Greenglass House

by Kate Milford

Call the family together, young and old. Open this book and take turns reading to each other out loud.  It’s the perfect book for the season.
This delightful story involves a centuries old house — “a huge, ramshackle manor house that looked as if it had been cobbled together from discarded pieces of a dozen mismatched mansions collected from a dozen different cities” — now being run as an inn by Ben and Nora Pine and their adopted Chinese son, Milo.
Many (but not all) of their guests are smugglers. The inn sits on the side of a hill overlooking a string of harbors along the river Skidwrack.  It can be reached by a cable railway, a steep and winding staircase, a road or a secret, underground railway.

On the particular holiday in question, Milo is finishing his homework and looking forward to a quiet Christmas with his parents alone in the inn. Suddenly, the inn starts to fill up with unexpected guests: Black-clad de Cary Vinge; blue-haired Georgiana Moselle; bickering Dr. Wilbur Gowervine and Mrs. Eglantine Herewand; and the ever-moving, red-headed Clemence O. Candler, who took the stairs to the inn.

Milo and his new friend Meddy set out to discover the secrets that have brought these diverse people to Greenglass House — and who’s behind a rash of thefts from guests’ rooms.  In the process, Greenglass House hosts a sweet romance, an orphan’s reunion with heirlooms from his birth family, the finding of a renown glassworker’s cartoon for a commissioned public stained glass window and the unveiling of a famous smuggler’s past.

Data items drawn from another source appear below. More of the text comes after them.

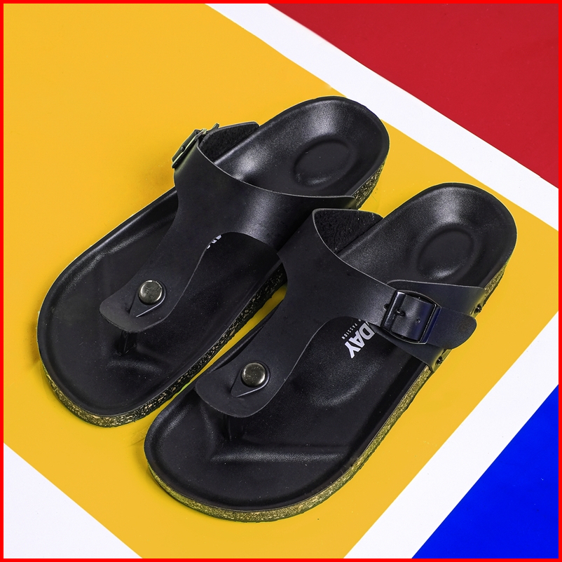 Asta Full Black - Sandal Jepit Pria Casual Kulit Distro Sendal Capit Kekinian Terbaru Laki Laki Cowok Kasual Fashion Han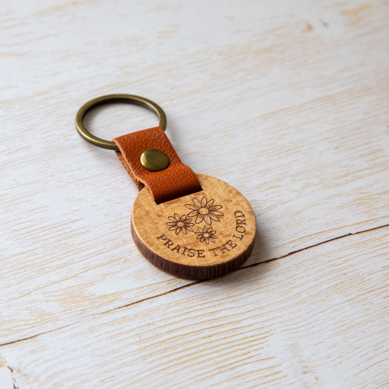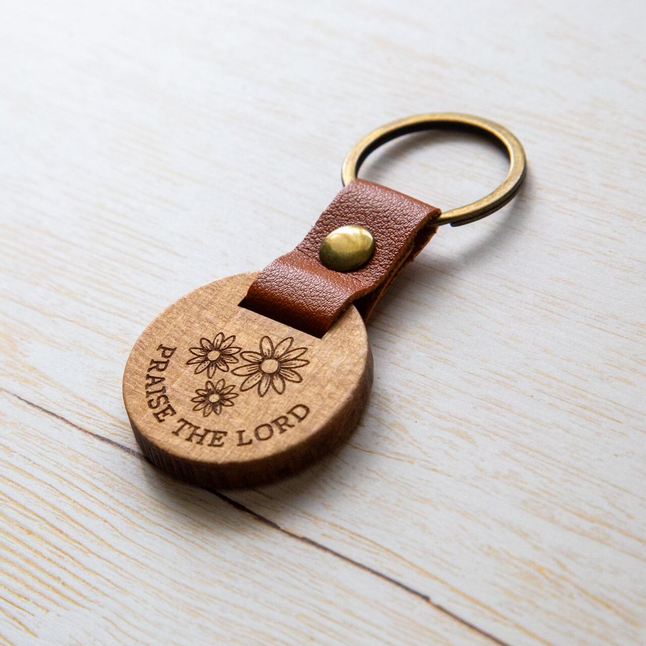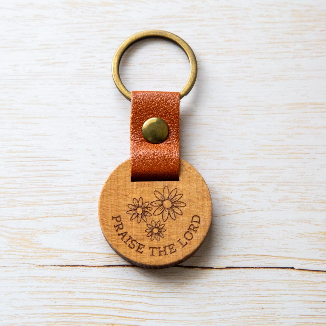 【PRAISE THE LORD 花】ウッドレザーキーホルダー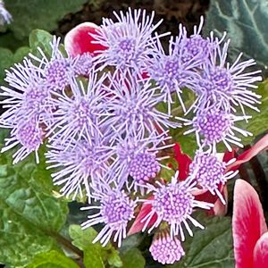 🍀🌻🪴💐🌹🌻🍀 🍀💜アゲラタム💜🍀 アゲラタムが暑さにも負けずに 咲いています 💐アゲラタムの花言葉は(信頼) (安泰) (安楽) (幸せを得る)です、これらの 花言葉は、アゲラタムの花が長期 間咲くことに由来します。 💐アゲラタムはメキシコ~中央アメ リカに分布するキク科カッコウア ザミ属の一年草です 💐花色はブルー、白、ピンク、薄紫 などで、草丈は15㎝~80㎝程に成 長します 💐アゲラタムの花期は5月~11月、 花期になると、茎の頂部に花序を 出し多数の頭花(とうか)を付けます 💐和名はムラサキカッコウアザミ (紫霍香薊)は美しい花を咲かせる ことから広く栽培されていて、世 界中で帰化しています 💐アゲラタムの頭花は直径0.6~2㎝ 程度の大きさで、管状花のみで構 成されています 💐管状花は先が小さく5裂した筒状で 35~70個が密生していて、 花冠か ら長く突出しているのは2裂した雌 しべの花柱です 🍀🌻🪴💐🌹🌻🍀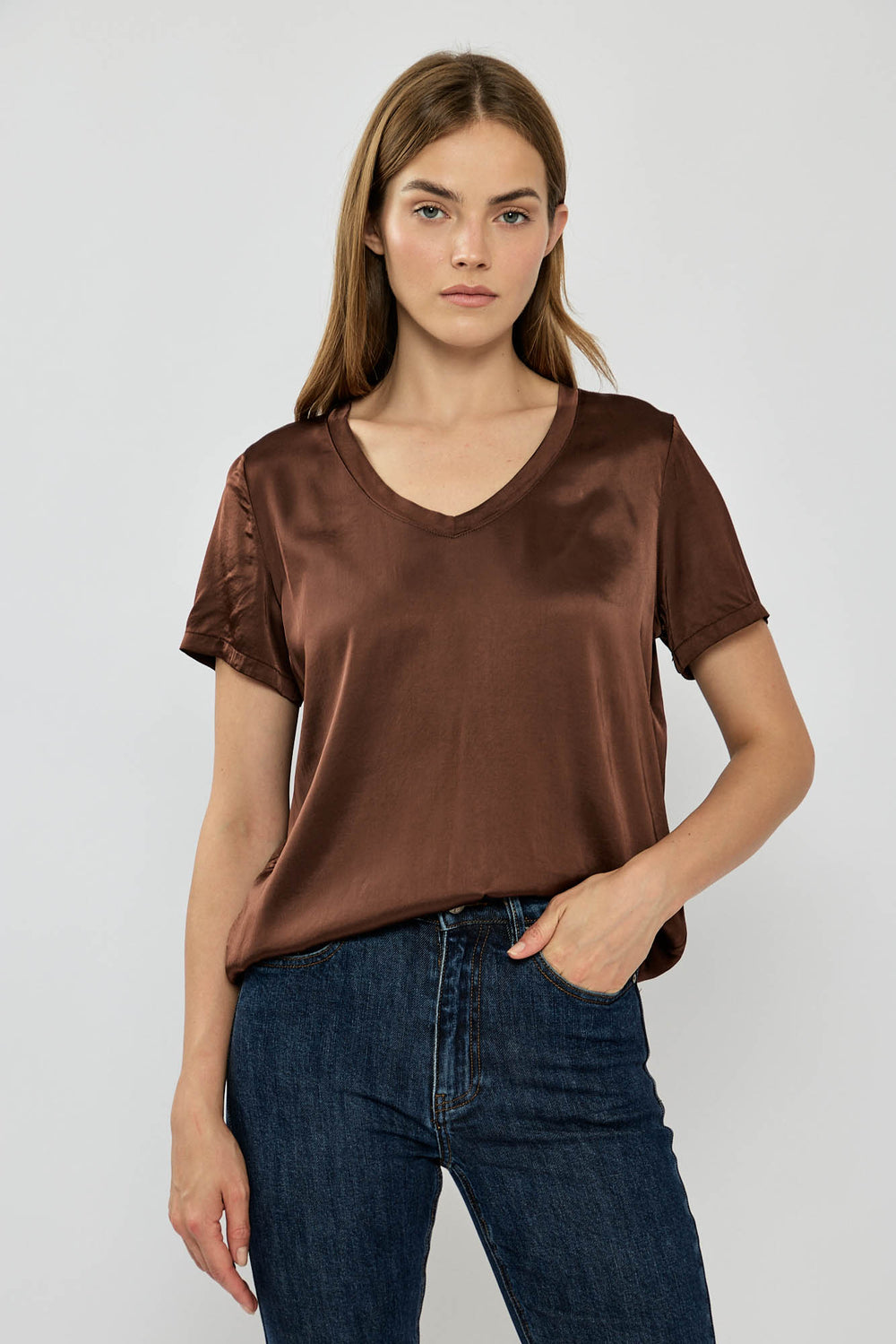 חולצת טי נשית עם מחשוף V מחמיא, עשויה מבד סאטן חלק בגוון ירוק פסטלי רך. משלבת בין אלגנטיות לנוחות יומיומית, ומתאימה לשילוב עם ג'ינס, חצאית או מכנס מחויט ליצירת לוק קליל אך מלא סטייל.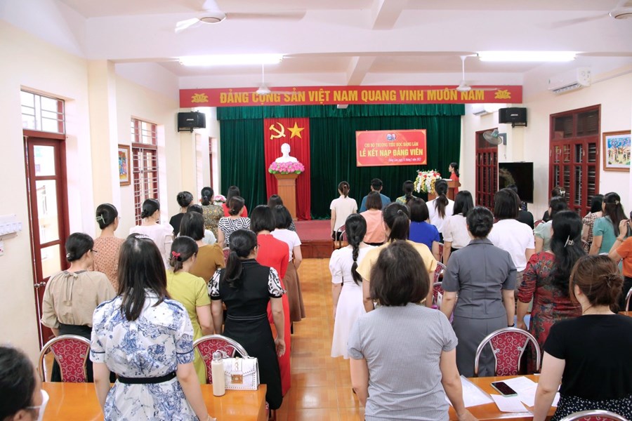 Đến dự với buổi lễ kết nạp Đảng viên mới có các đồng chí đại diện cho Đảng uỷ phường Đằng Lâm, đồng chí Trịnh Thị Thu Huyền - Bí thư Chi bộ, Hiệu trưởng nhà trường cùng 100% các đồng chí Đảng viên trong Chi bộ.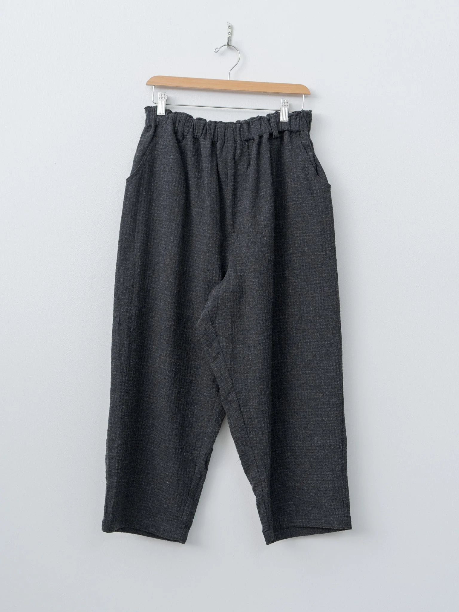 A cropped wide leg trouser from Ichi Antiquites in a cotton wool seersucker - it feels lightweight yet warm with a slight crinkle texture. Details include an elasticated waist with inner drawstrings and belt loops, side pockets and large patch pockets on the back. The fit is wide throughout the legs with a gentle taper. - Made in Vietnam - 63% Cotton, 27% Wool, 8% Polyester, 1% Acrylic, 1% Nylon - Available in Mocha, Charcoal - The model is 5'8"/173cm and wears the One Size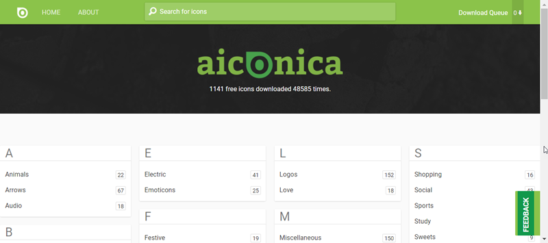 首頁直接將題材類別按字母排列,並在名稱旁加上共有多少素材,整體雖然不多但下載次數蠻多的。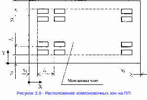 Площадь ПП состоит из рабочей (монтажной) зоны и зоны краевого поля, предусматриваемого для вспомогательных целей (размещения разъемов, крепежных отверстий, зон для направляющих элементов и т.п.) (рис. 3.8).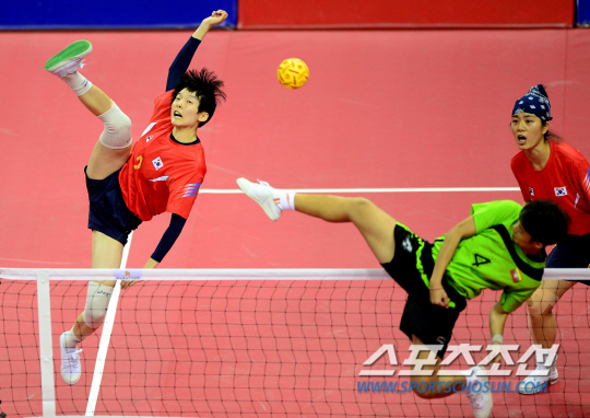 24일 부천체육관에서 2014 인천아시아경기대회 세팍타크로 여자 단체 예선 B조 4경기 한국과 미얀마의 경기가 열렸다. 세팍타크로는 족구와 비슷한 스포츠로, 팀당 3명이 출전하는 레구와 팀당 2명이 출전하는 더블 및 팀 경기 등 남녀 각각 3개 종목이 있다. 레구 종목에 출전한 김이슬이 미얀마 선수를 앞에 두고 스파이크를 날리고 있다.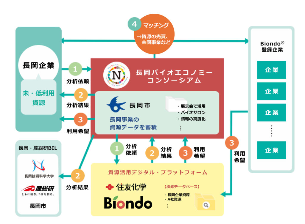 昨年9月、「長岡バイオエコノミーコンソーシアム」は、住友化学(株)と連携し、素材の「成分分析」「検索データベース」「取引先開拓(マッチング)」の3つの機能を持つ日本初のデジタル・プラットフォーム「Biondo®(ビオンド)」のシステムを活用した事業を開始した。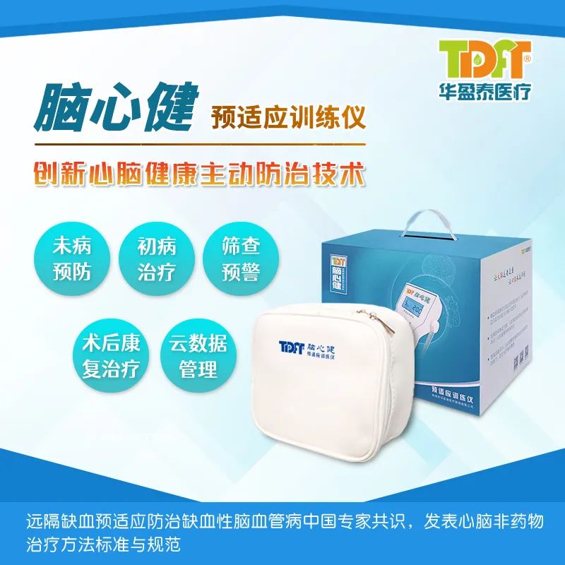脑心健预适应训练仪,由国家高新技术企业深圳市华盈泰医疗有限公司研发生产,通过对肢体进行反复的、短暂的、无创伤、无危害的缺血刺激,再灌输回流,激发人体免疫系统的应急机制,产生和释放内源性保护物质(如:腺苷、缓激肽、一氧化氮等),这些物质参与保护心肌和能量代谢。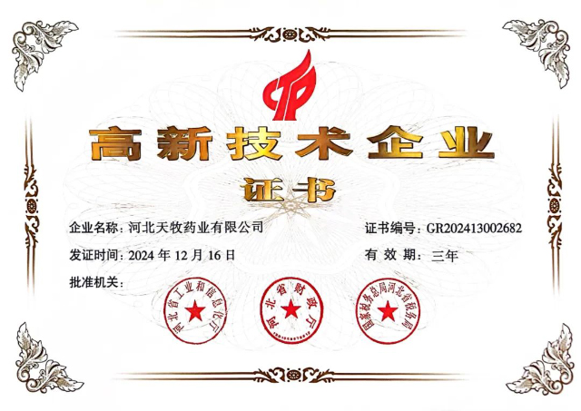 “高新技術(shù)企業(yè)”是國(guó)家為扶持和鼓勵(lì)高新技術(shù)企業(yè)發(fā)展、調(diào)整產(chǎn)業(yè)結(jié)構(gòu)和提升國(guó)家經(jīng)濟(jì)競(jìng)爭(zhēng)力而設(shè)立的專項(xiàng)資質(zhì)認(rèn)定。該認(rèn)定對(duì)企業(yè)核心自主知識(shí)產(chǎn)權(quán)、科技成果轉(zhuǎn)化能力、研發(fā)組織管理水平以及企業(yè)成長(zhǎng)性等核心指標(biāo)有著嚴(yán)格的要求和評(píng)審標(biāo)準(zhǔn),是中國(guó)科技型企業(yè)綜合實(shí)力的權(quán)威認(rèn)證。獲得此項(xiàng)殊榮,不僅是對(duì)河北天牧藥業(yè)多年來(lái)堅(jiān)持技術(shù)驅(qū)動(dòng)、專注創(chuàng)新的充分肯定,也是公司在動(dòng)物藥品和飼料研發(fā)、生產(chǎn)領(lǐng)域技術(shù)領(lǐng)先地位和核心競(jìng)爭(zhēng)力的有力證明。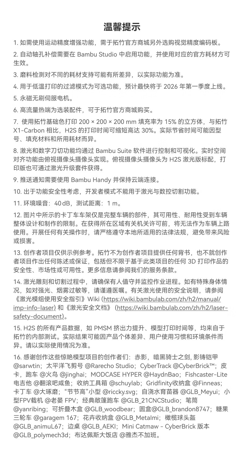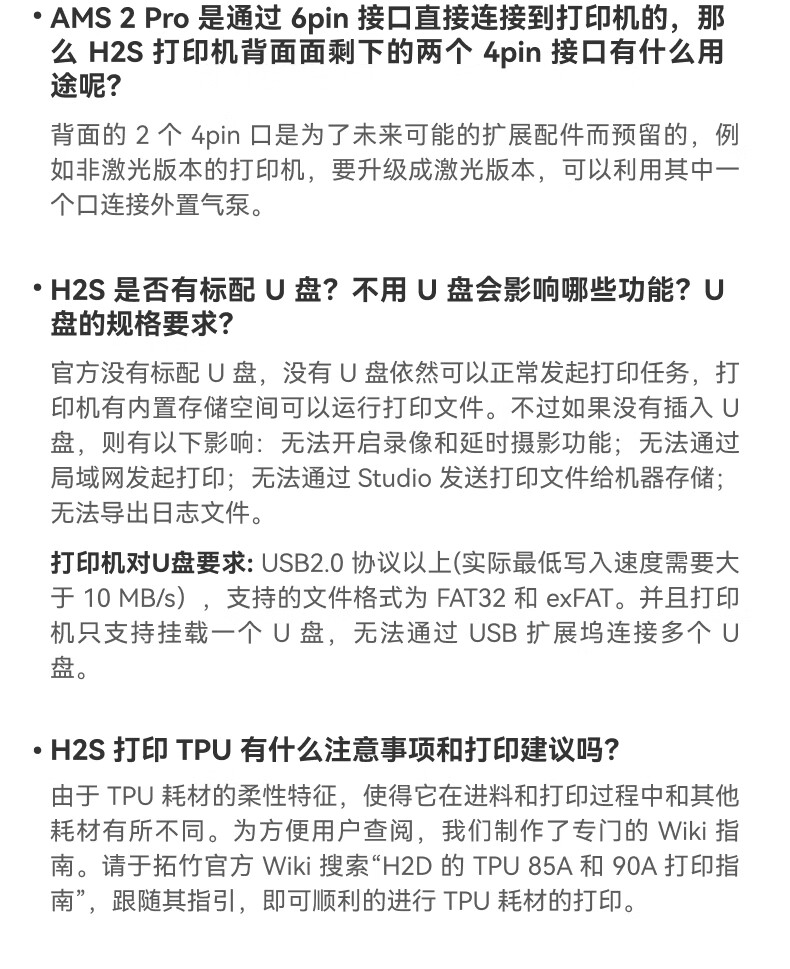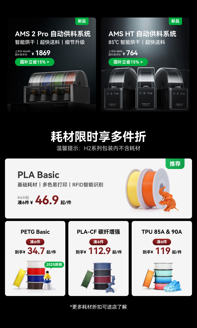 包装清单: 机器显示屏,H2SC打印机,AMS 2 Pro,打印板,工具盒,料架,安全钥匙等。详情可咨询客服或查询官方wiki。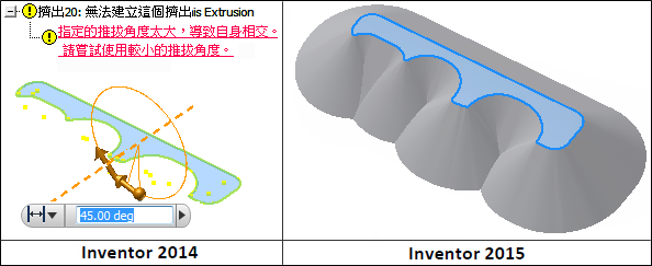 薄殼和推拔擠出的堅實度已得到改進。它們現在可處理更複雜的幾何圖形。例如,在 Inventor 2014,您可以使用適當的相切約束擠出以下輪廓,但推拔角度最大只能達到 27 度。在 Inventor 2015 中,推拔角度可以是 0 度到 90 度之間的任何值。

Author Kate Milford won an Edgar Award for Best Juvenile Mystery for this book. The characters are eccentric and engaging. Greenglass House itself inspires a reader’s imagination and is a wonderfully atmospheric setting for this story. I would book a stay myself in a heart beat if it were possible.

Milford wrote two prequels and a sequel to this book:
  • The Left-Handed Fate (2017). Lucy Bluecrowne, daughter of the first owner of Greenglass House, and her friend Maxwell Ault are on a mission to find three pieces of an arcane engine that reportedly can stop the war between their home country of England and Napoleon Bonaparte’s France. They nearly have everything when their ship, Left-Handed Fate, is taken by the Americans.
  • Ghosts of Greenglass House (2017). A year after the original Greenglass House story, Milo Pine and friends both old and new are joined in searching for a mysterious map and a famous smuggler’s lost haul.
  • Bluecrowne: A Greenglass House Story (2018) takes readers  back to the beginnings of Greenglass House and the adventures of Lucy Bluecrowne, who has traded her home on her father’s war ship for life in a house with her half brother and her stepmother.

The Author: Kate Milford

Kate Milford was inspired to begin writing Greenglass House in the summer of 2011 by a prompt (stained glass) offered her by a member of a writers group. The year before she and her husband, Nathan, had decided to adopt a child from China. The issues that adopted children face was strongly in her mind as she wrote.
Kate and her husband had a child of their own, Griffin, in 2013 before the adoption came through.
Originally from Annapolis, MD, Kate Milford currently lives in Brooklyn with her family. In addition to the Greenglass House books, she wrote The Boneshaker (2011), The Kairos Mechanism (2012) and The Broken Lands (2015).